### EXERCISE DETAILS
Scan the data and please report how many lines include the word "moth". Leave out everything but the number.
(Beginning of PROVIDED MATERIAL)
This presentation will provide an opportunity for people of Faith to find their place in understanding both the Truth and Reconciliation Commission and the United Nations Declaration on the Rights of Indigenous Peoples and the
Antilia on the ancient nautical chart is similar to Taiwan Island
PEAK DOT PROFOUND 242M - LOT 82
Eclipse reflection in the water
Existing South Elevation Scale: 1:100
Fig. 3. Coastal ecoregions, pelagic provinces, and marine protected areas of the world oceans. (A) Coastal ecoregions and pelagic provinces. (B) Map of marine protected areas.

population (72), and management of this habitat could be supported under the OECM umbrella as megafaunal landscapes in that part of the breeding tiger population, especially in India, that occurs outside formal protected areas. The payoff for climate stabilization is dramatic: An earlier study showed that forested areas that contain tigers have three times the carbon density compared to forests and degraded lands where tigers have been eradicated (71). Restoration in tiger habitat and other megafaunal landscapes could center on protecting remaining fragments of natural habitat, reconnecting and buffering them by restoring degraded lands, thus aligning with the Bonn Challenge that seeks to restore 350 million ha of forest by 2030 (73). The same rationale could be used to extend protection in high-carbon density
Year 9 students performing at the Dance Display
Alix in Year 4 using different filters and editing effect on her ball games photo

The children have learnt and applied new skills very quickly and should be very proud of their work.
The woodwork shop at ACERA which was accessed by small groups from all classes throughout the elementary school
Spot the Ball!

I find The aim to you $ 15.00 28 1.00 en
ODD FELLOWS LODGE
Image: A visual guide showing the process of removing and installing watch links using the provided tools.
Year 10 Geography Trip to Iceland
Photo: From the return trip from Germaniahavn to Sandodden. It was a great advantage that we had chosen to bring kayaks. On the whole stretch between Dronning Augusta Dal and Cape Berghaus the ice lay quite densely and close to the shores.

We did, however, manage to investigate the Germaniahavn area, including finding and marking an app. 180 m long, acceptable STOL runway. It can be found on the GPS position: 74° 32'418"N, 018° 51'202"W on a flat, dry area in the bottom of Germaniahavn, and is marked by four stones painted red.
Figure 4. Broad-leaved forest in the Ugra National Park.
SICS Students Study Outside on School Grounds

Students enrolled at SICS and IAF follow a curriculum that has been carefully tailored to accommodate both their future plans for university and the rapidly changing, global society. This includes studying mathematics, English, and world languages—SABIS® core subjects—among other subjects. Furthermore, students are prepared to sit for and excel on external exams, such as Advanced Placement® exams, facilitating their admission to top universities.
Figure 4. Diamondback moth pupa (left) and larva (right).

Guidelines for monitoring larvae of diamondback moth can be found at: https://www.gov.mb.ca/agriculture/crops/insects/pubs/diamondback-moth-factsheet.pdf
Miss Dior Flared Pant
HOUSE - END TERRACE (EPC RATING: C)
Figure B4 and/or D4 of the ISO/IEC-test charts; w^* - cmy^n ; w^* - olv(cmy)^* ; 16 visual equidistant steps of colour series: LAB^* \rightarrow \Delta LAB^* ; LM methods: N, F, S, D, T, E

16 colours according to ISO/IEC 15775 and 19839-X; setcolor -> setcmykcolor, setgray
(End of PROVIDED MATERIAL)
### RESULT OF THIS TASK
2